--- START ---
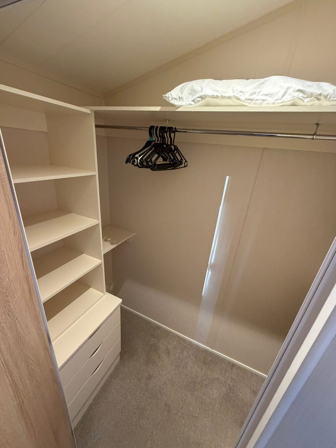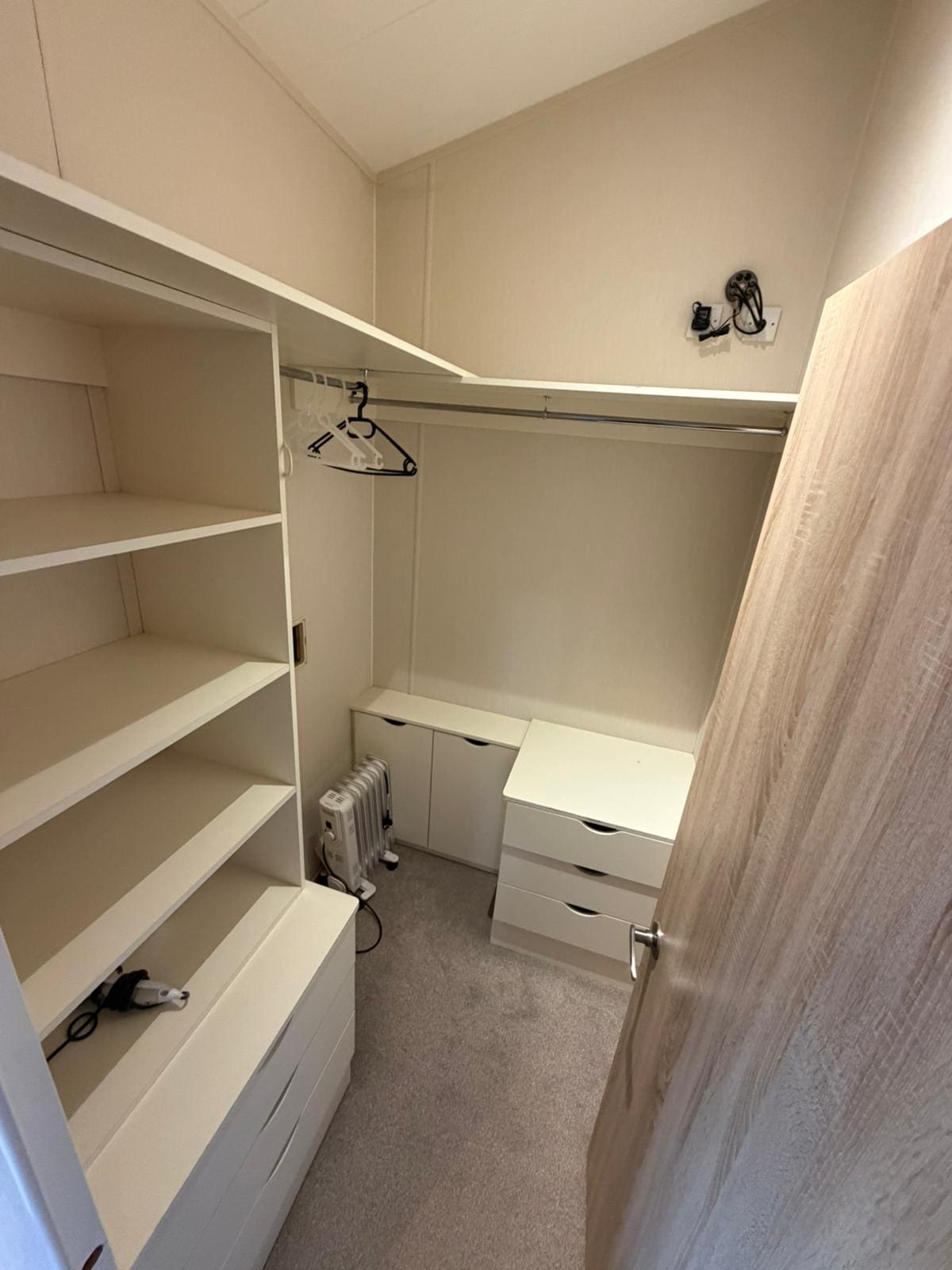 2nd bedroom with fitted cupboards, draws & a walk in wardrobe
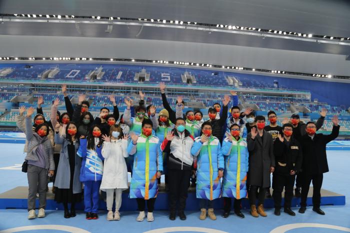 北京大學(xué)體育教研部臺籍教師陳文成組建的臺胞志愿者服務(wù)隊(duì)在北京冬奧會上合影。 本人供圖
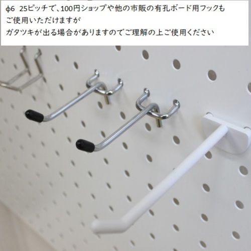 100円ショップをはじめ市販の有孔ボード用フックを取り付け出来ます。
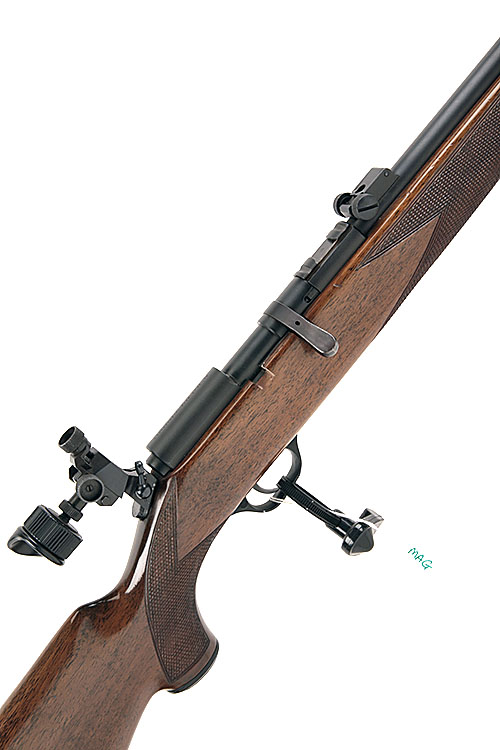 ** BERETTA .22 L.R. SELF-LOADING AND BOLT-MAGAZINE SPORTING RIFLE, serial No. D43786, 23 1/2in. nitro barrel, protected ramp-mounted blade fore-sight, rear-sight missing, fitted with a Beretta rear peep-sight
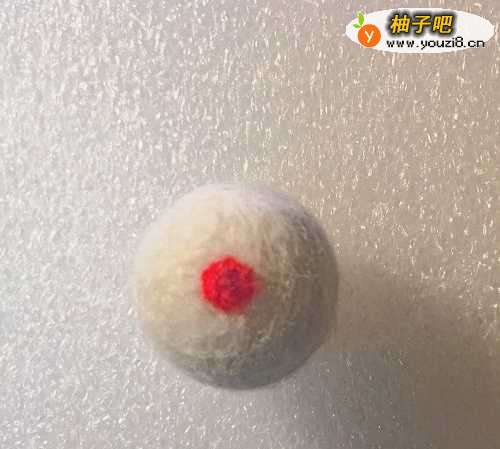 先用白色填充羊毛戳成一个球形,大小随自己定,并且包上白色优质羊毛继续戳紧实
--- END ---
■ YOUR ASSIGNMENT
Leaving out every picture, copy exactly the lines from the one that contains "北京大學(xué)體育教研部" through the end of the entries above.

■ YOUR RESPONSE
 北京大學(xué)體育教研部臺籍教師陳文成組建的臺胞志愿者服務(wù)隊(duì)在北京冬奧會上合影。 本人供圖
 100円ショップをはじめ市販の有孔ボード用フックを取り付け出来ます。
 ** BERETTA .22 L.R. SELF-LOADING AND BOLT-MAGAZINE SPORTING RIFLE, serial No. D43786, 23 1/2in. nitro barrel, protected ramp-mounted blade fore-sight, rear-sight missing, fitted with a Beretta rear peep-sight
 先用白色填充羊毛戳成一个球形,大小随自己定,并且包上白色优质羊毛继续戳紧实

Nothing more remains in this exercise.